Your objective
Only the lines from the one containing "College Moccasin by" to the end of the records belong in the copy. Reproduce them word for word and drop the pictures.

Provided material

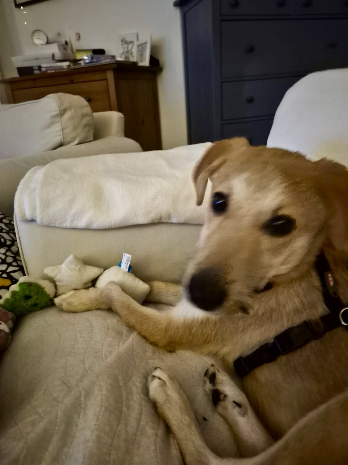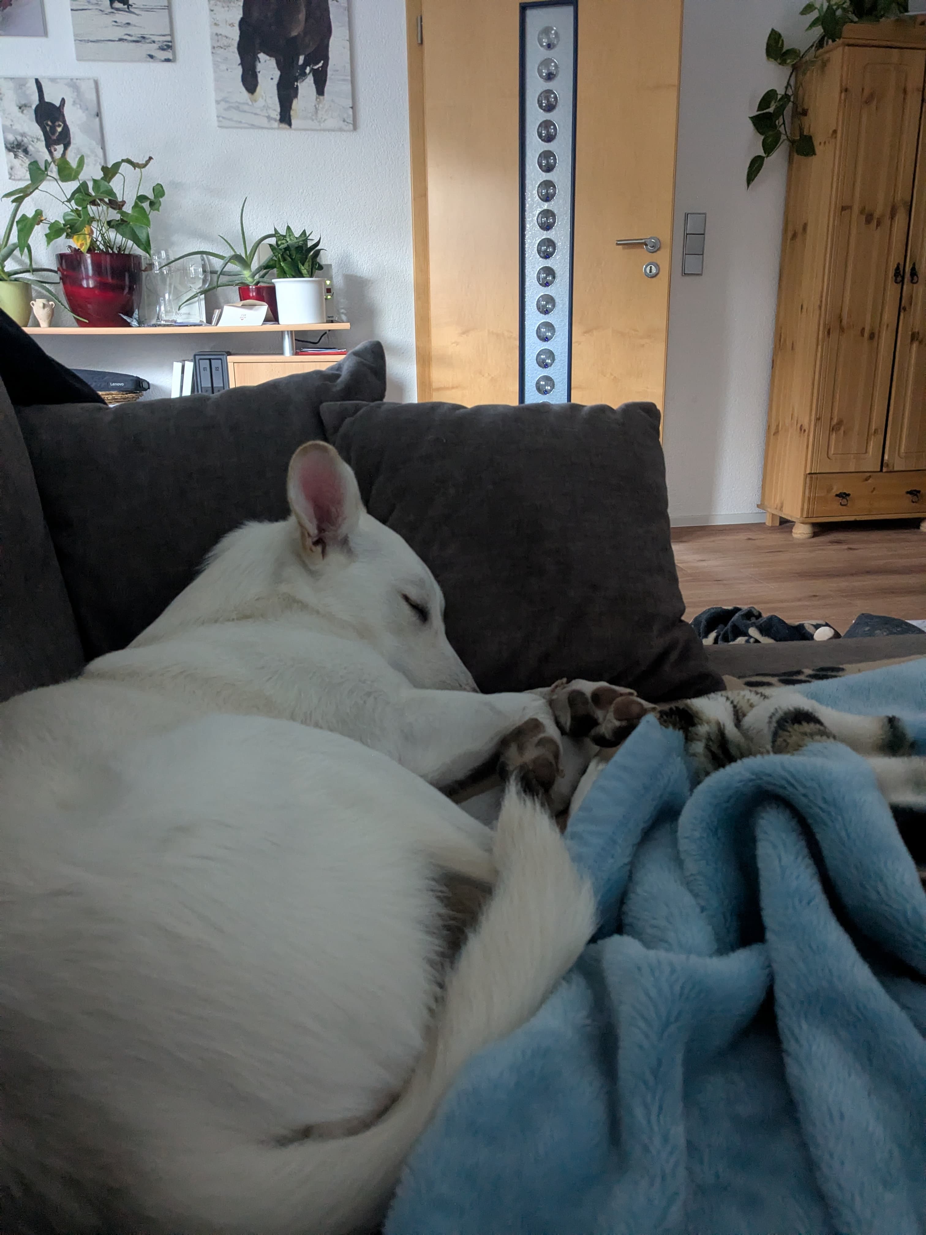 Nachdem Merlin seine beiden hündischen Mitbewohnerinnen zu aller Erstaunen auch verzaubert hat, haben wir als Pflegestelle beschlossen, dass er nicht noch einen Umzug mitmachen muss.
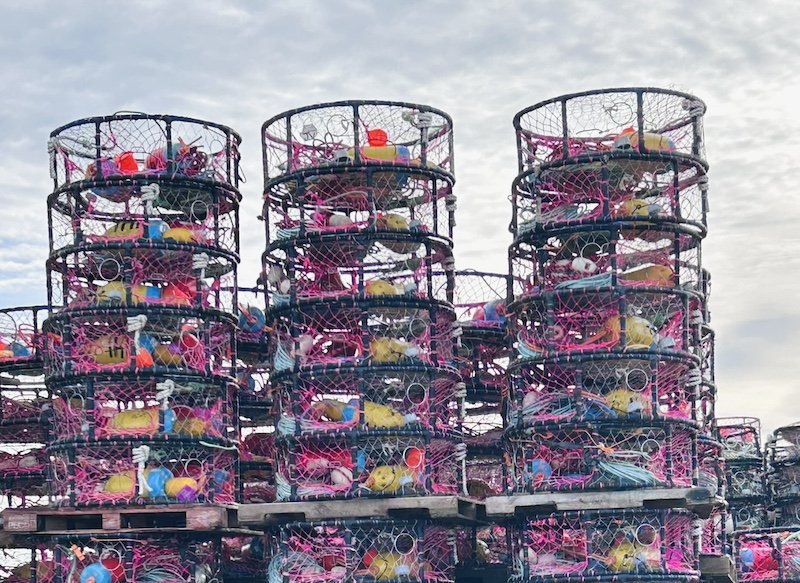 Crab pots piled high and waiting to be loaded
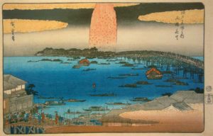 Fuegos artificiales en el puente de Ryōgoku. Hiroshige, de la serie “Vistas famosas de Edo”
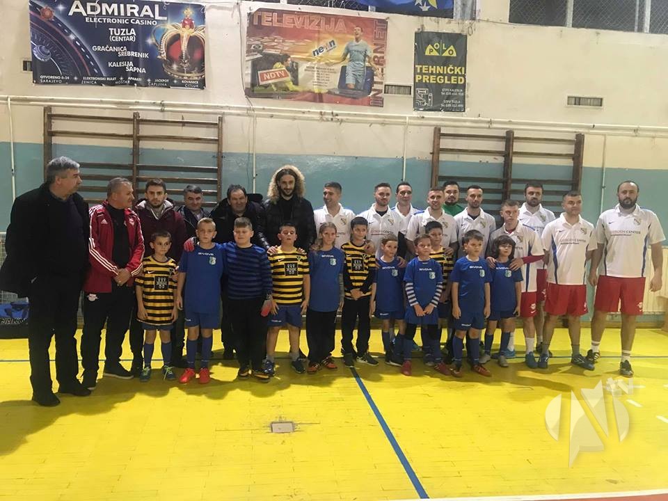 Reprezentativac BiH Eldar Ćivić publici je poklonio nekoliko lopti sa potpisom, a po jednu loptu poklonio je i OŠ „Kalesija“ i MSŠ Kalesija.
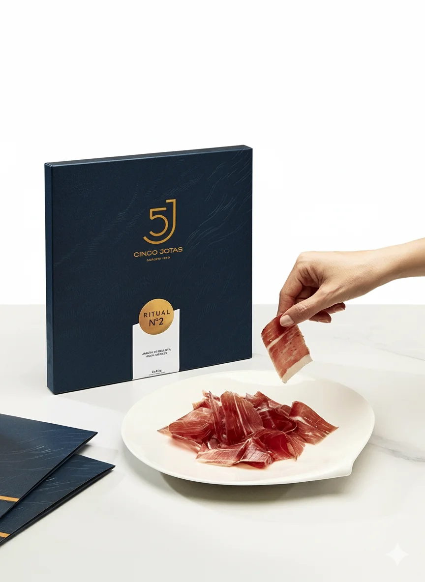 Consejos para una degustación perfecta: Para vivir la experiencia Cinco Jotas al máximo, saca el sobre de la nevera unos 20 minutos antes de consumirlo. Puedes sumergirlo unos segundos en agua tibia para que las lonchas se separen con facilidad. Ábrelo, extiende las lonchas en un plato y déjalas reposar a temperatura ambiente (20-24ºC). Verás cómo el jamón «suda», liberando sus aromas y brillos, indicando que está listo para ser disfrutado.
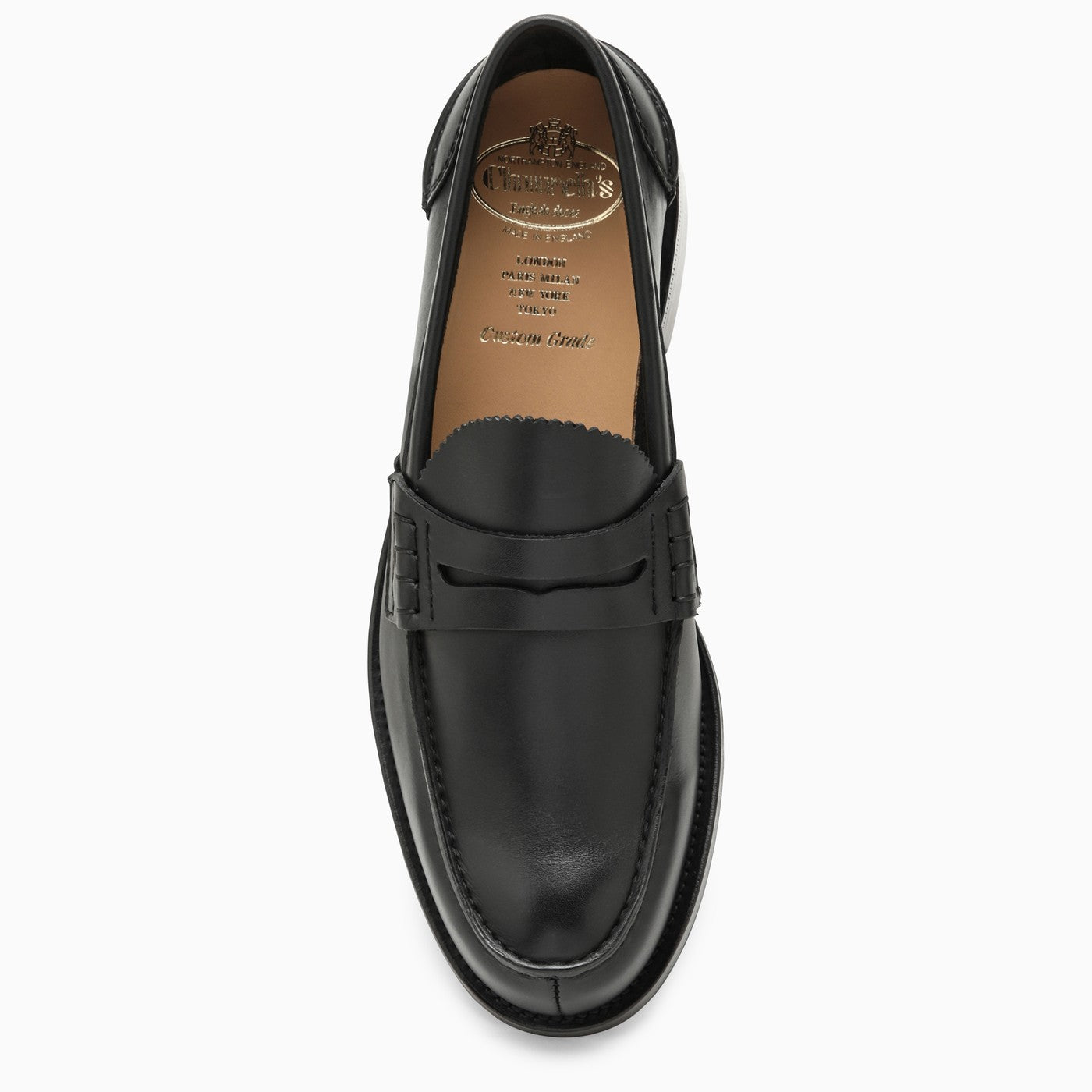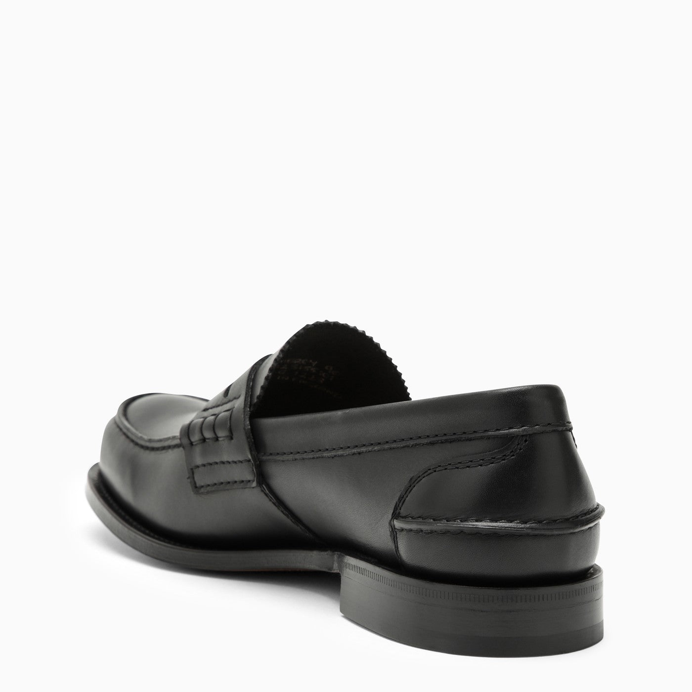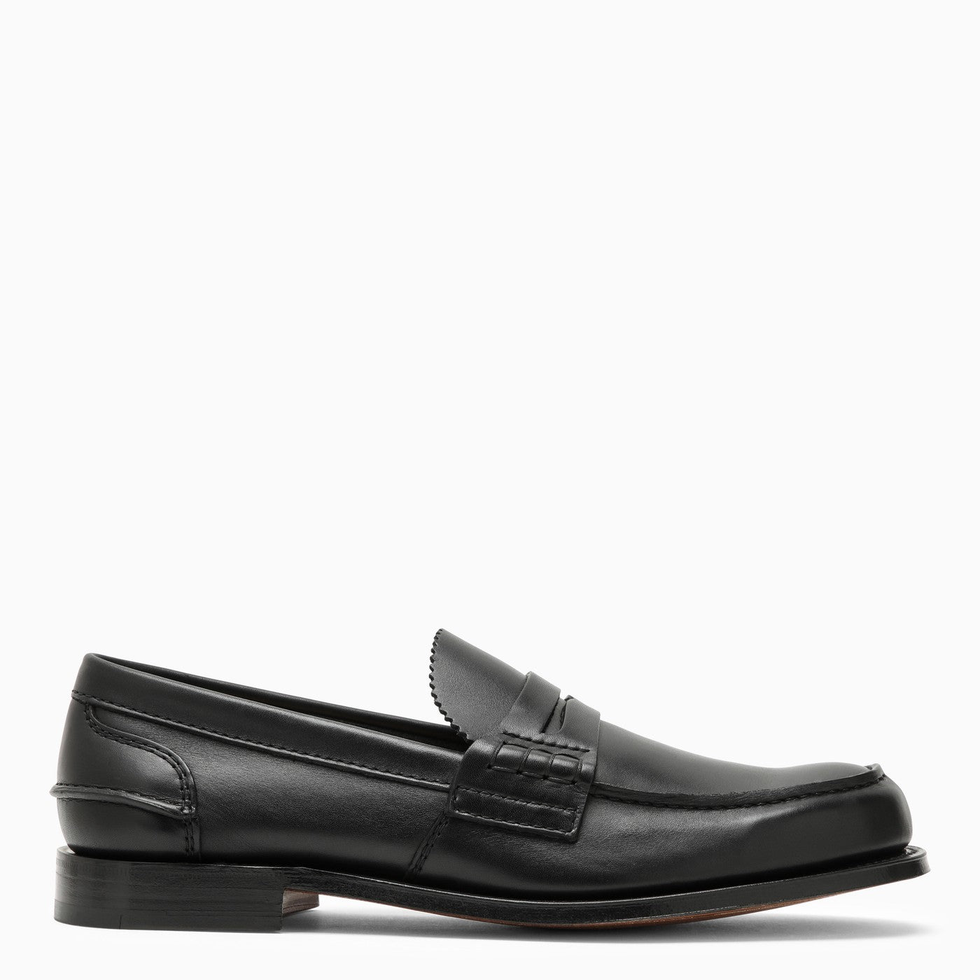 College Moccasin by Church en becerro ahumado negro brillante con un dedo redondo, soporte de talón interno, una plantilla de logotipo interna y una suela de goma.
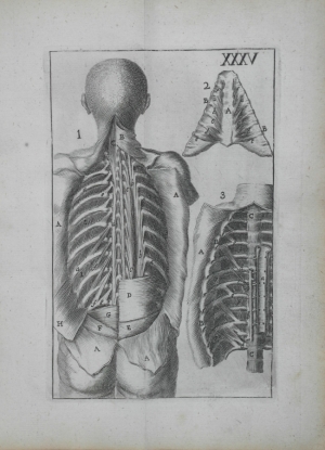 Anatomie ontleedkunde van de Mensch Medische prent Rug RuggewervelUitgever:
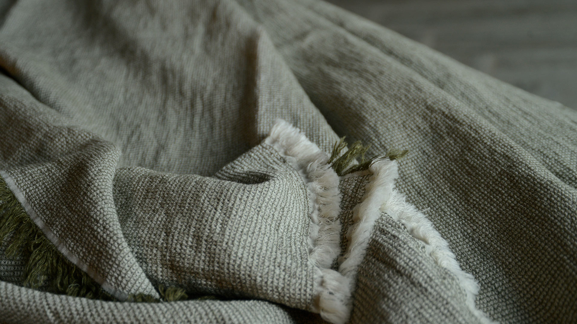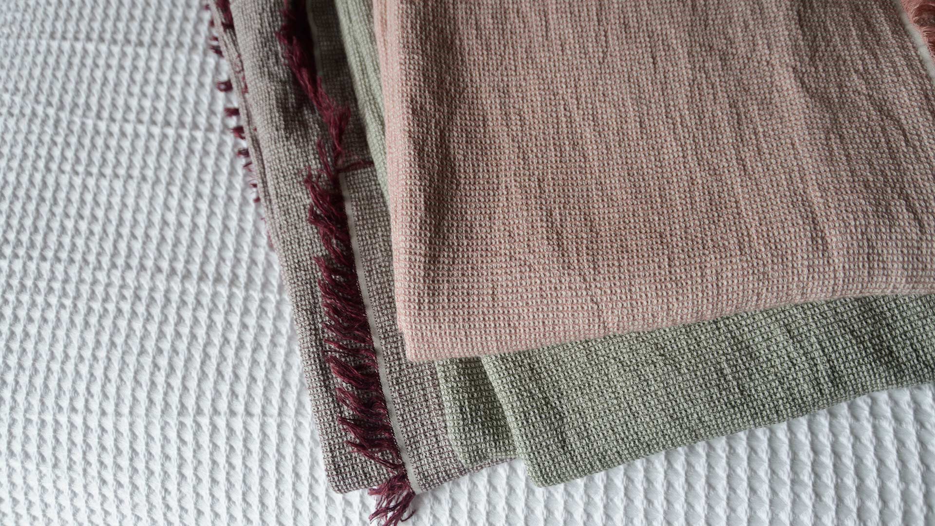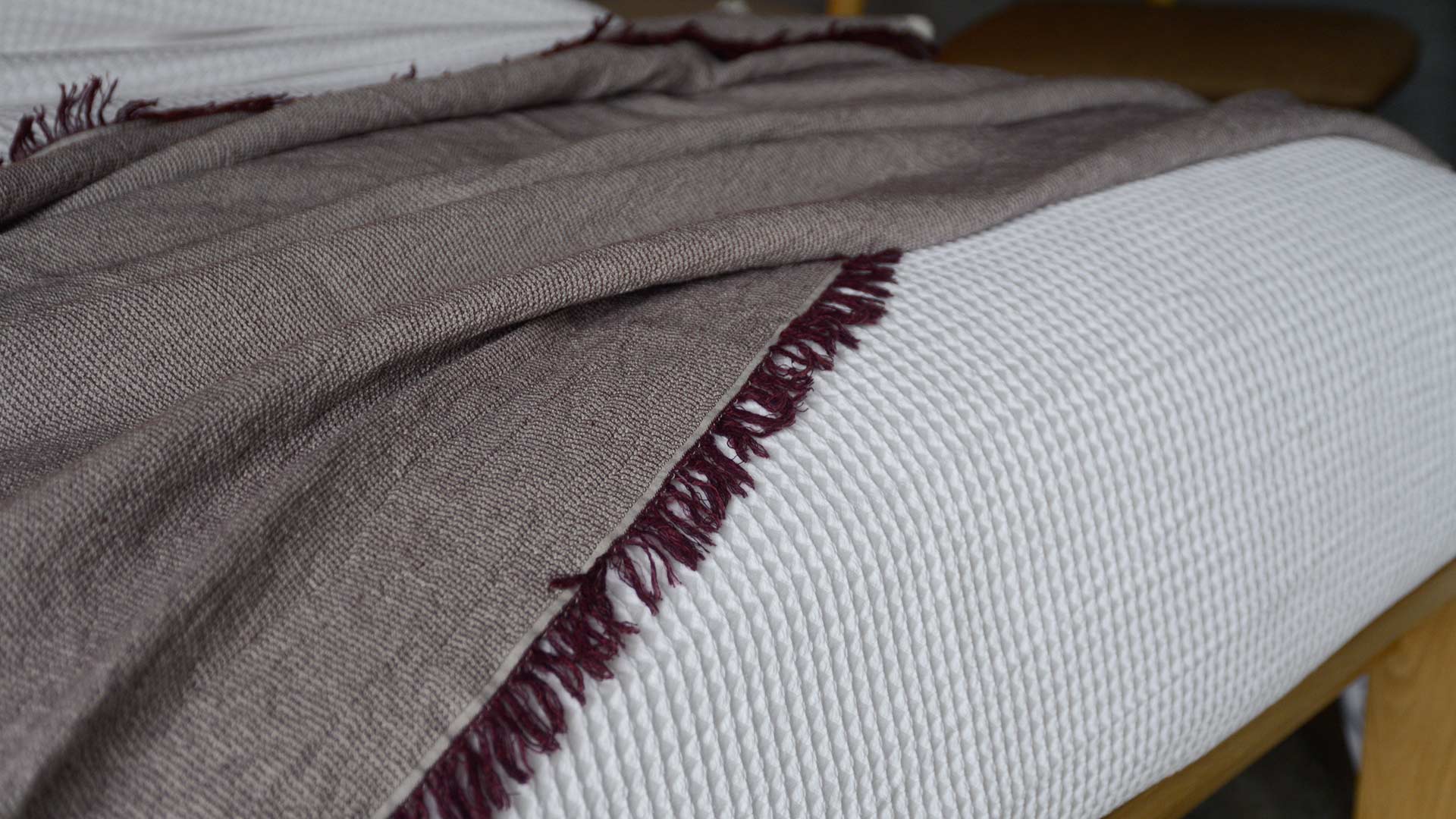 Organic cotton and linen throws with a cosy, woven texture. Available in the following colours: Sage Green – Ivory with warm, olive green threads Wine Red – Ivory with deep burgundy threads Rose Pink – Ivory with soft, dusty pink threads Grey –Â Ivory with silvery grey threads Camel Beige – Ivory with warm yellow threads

Solved exercise
 College Moccasin by Church en becerro ahumado negro brillante con un dedo redondo, soporte de talón interno, una plantilla de logotipo interna y una suela de goma.
 Anatomie ontleedkunde van de Mensch Medische prent Rug RuggewervelUitgever:
 Organic cotton and linen throws with a cosy, woven texture. Available in the following colours: Sage Green – Ivory with warm, olive green threads Wine Red – Ivory with deep burgundy threads Rose Pink – Ivory with soft, dusty pink threads Grey –Â Ivory with silvery grey threads Camel Beige – Ivory with warm yellow threads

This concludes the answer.